Employee retention. Tending goes a long way in mitigating the “workers as machines” phenomenon common in industries requiring billable hours or sales quotas. Further, it makes employees “sticky” to an organization.

But keeping the best employees takes more than the one-size-fits all approach of many HR departments; instead, they rely on the finer interventions of individual managers and colleagues. Steve Lopez, Vice President at Manpower, urges companies to invest in retention strategies just as they do in their brand, tailoring strategies to employees’ unique needs.

Without such one-on-one coaching, according to HBS Professor David Thomas, “you’re likely to be blindsided by events they should have foreseen and in many cases fixed — such as the sudden departure of a star employee for greener pastures or, more commonly, a sense of discouragement that festers when someone believes, with reason, that the organization is not in his or her corner.”

Employee engagement. Employee engagement is one of the top three concerns of most HR professionals, according to the Society for Human Research Management (SHRM)’s 2015 Globoforce Employee Recognition Survey. They’re not just being nice.

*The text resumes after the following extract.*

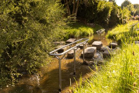 Wanderung zum Illererlebnissteg mit Aussichtsturm und Blick auf den Illersteilhang sowie Kneipptretanlage und Picknickplatz.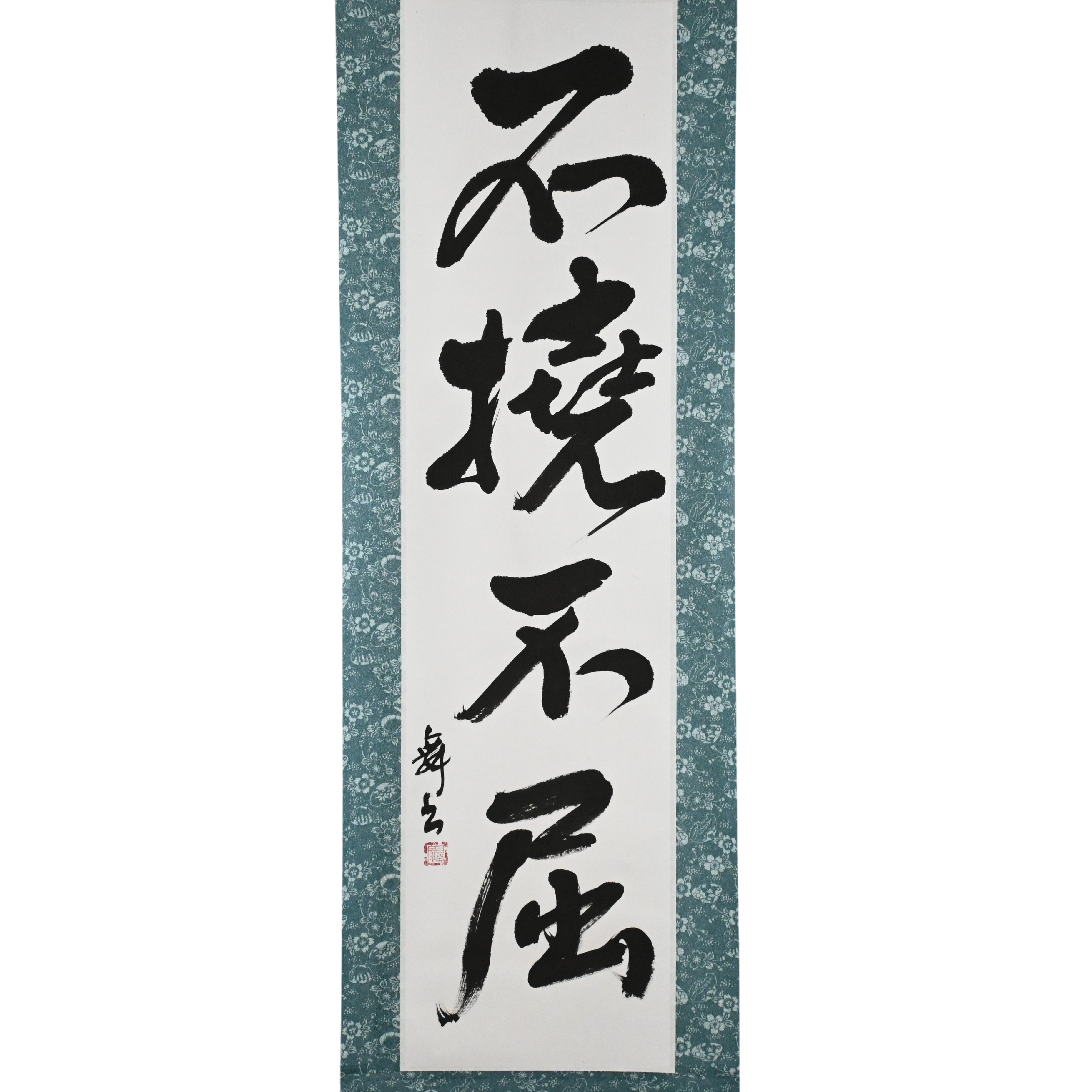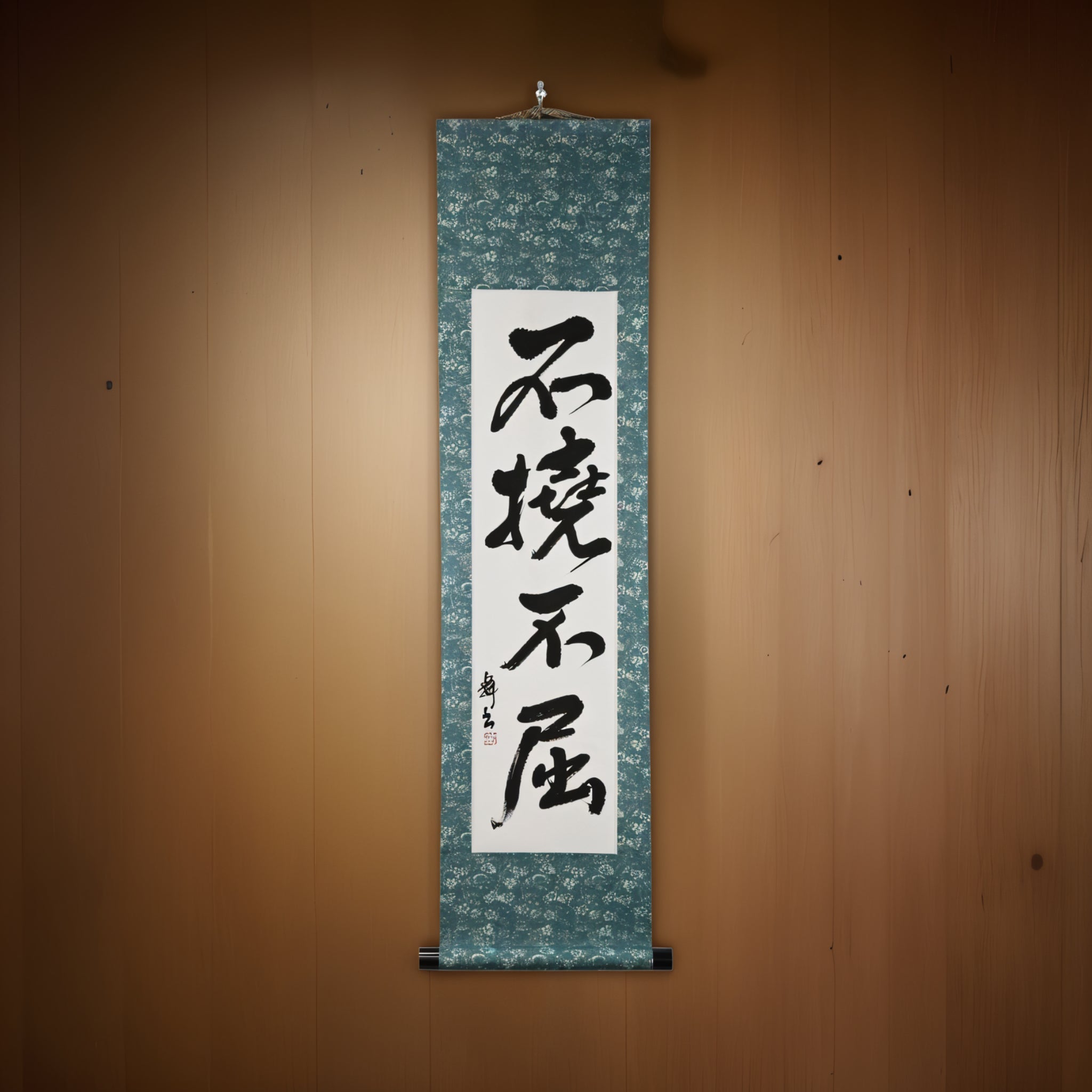 Ce rouleau de calligraphie japonaise présente la phrase audacieuse 不撓不屈 (Futō Fukutsu) — une expression puissante de l'esprit indomptable qui est au cœur des arts martiaux japonais et du code des Samouraïs.

According to a 2006 SHRM report, increasing employee engagement not only saved one of Caterpillar’s European plants $8.8 million in decreased attrition, absenteeism, and overtime, it also drove a $2 million profit increase and 34% jump in highly satisfied customers. Adam Grant is correct to argue for the health and profitability of a friendship friendly environment. A 2013 HBR article by Christine Riordan likewise reported the many ways that workplace friendship increases job satisfaction and engagement. Employees who feel taken care of, who feel a sense of “family” are more engaged workers. They are willing to do more, take more personal initiative, and hence imbue the organization with momentum.

3. Assign value to the work.

The third and final step requires management to signal the value of the tending work that keeps their culture strong and employees present and engaged.

Cash value is one possibility: include tending activities in key assessments like annual reviews, raises, promotions, and partnership shares. Digitas had a pot of cash and gifts that a manager could apply for and use to reward team members (direct and indirect) who were doing extraordinary work.

Social capital also counts. Company, department, and team meetings are perfect opportunities to acknowledge employees who take on tending activities consistently. In large organizations where manager approaches and style can vary dramatically, institutionalizing tending as a core value of the culture can help to mitigate that variability and create accountability.

Both of our spouses follow the advice about being polite, always complimenting us on the dinners we cook for our respective families. Similarly, managers should compliment – and compensate – employees who do the office tending that nourishes every organization. As Martha argues in her book Love’s Promises, tending is not a gift that chief cooks and bottle washers on the home front lavish on their families with no thought of return, ever. Similarly, workers don’t spend all that time and effort on their organization out of pure altruism. The men and women who undertake the many acts of office tending every day – from agenda planning to managing an employee’s exit – do it because they care about one another and about the organization. Even a business that cares only about the bottom line short-changes itself as well as its employees if it persists in the belief that only customer caretaking counts. 

Note: The authors would like to acknowledge some of the professionals who shared their experiences and insights for this article.

  • Lisa Dallenbach – Chief Talent Officer, Mindshare North America
  • Kristine Welker – Founding Publisher and Chief Revenue Office, Dr. Oz Magazine
  • Jessica Bassett – Executive Director of Product Engagement, Athenahealth

About the Authors

Martha Ertman is the Carole & Hanan Sibel Research Professor of Law at the University of Maryland’s Francis King Carey School of Law. Her new book, Love’s Promises: How Formal & Informal Contracts Shape All Kinds of Families (Beacon Press 2015), which blends memoir with stories about family agreements, has been featured in the Time andWashingtonian magazines.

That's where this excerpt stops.